Tuesday, December 20, 2005
Entitlement
Entitlement is not a popular concept, not today anyway.
Listen to any conversation about the urban poor and the idea is bound to come up, usually in a very negative context.
Welfare recipients (and there aren't many left these days, now almost a decade into welfare reform) are "on the dole" and continue to depend on public assistance, thanks to their "entitlement mentality," the conversation goes.
Food stamps, Medicaid, public housing, child care subsidies, even Social Security, are regarded as "entitlement" programs, involving "entitlement spending."
Such thinking is relatively new, dating from the early 1980s.
The notion that the weak, the poor, the infirm, the young, the old, the immigrant, the dispossessed and the left out would receive special, empowering, uplifting benefit from the larger society is rooted in the traditions and the faith of a Judeo-Christian worldview.
It is our current obsession with radical individualism that is modern by definition. This obsession poses grave dangers to our culture, to our urban areas and to our future as a society and a nation.
The Hebrew Bible offers up a much different view and understanding of human "entitlement" in the blessed community.
Consider these examples from the hundreds there are to draw upon:
"The righteous know the rights of the poor; the wicked have no such understanding." (Proverbs 29:7).
"God executes justice for the orphan and the widow, and loves the strangers, providing them food and clothing." (Deut. 10:15)
"Woe to those who make unjust laws, to those who issue oppressive decrees, to deprive the poor of their rights and withhold justice from the oppressed of my people, making widows their prey and robbing the fatherless." (Isaiah 10:1-2).
A growing number of people make much of the supposed Judeo-Christian origins and values of our nation.

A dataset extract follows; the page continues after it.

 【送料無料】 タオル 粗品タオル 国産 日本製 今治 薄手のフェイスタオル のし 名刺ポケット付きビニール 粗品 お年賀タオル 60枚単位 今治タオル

In opposing any thought of the provision of special "entitlements" for the weak, they cause me to wonder if they really understand the faith and values of historic Judaism or Christianity.
Clearly the mind behind scripture understood the benefits of investing in people who needed a lift due to circumstances, birth, injustice or the failure of social systems.

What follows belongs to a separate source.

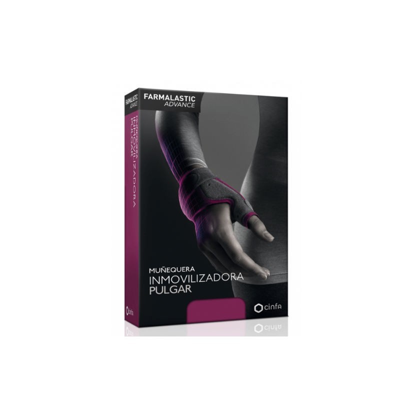 La muñequera Farmalastic Advance ha sido diseñada para ofrecer un elevado nivel de inmovilización, protección y descanso del pulgar. Limita el movimiento del pulgar a nivel falange, metacarpo y trapecio sin reducir la funcionalidad de la mano y permitiendo el movimiento de pinza. Proporciona una óptima experiencia de uso gracias a su diseño envolvente que se adapta a la anatomía, alta transpirabilidad, ligereza y reducido volumen, acabados diseñados para no rozar ni irritar y elevado confort incluso en jornadas largas.

I believe you are right. I think about Ruth gleaning from the field of Boaz. I think about the resentment many Christian Americans feel toward civil authority expecting any of their productivity being reserved for the poor
ReplyDeleteA disconnect.
Contempt for the poor seems more common than compassion in some current Christian conversation.
THis reminds me of what i have heard about Jimmy Carter's new book. haven't read it, hope to do so. Thanks for the reminder to put this on my list!
ReplyDeleteCouple those scriptures with the principle of Jubilee that the Jews practiced every 50 years (once a generation or so) and it is pretty clear that our Maker did not intend for us to store up vasts amounts of wealth while others in our community are unable to meet their basic needs.
ReplyDeletePerhaps we should be storing up treasures in heaven!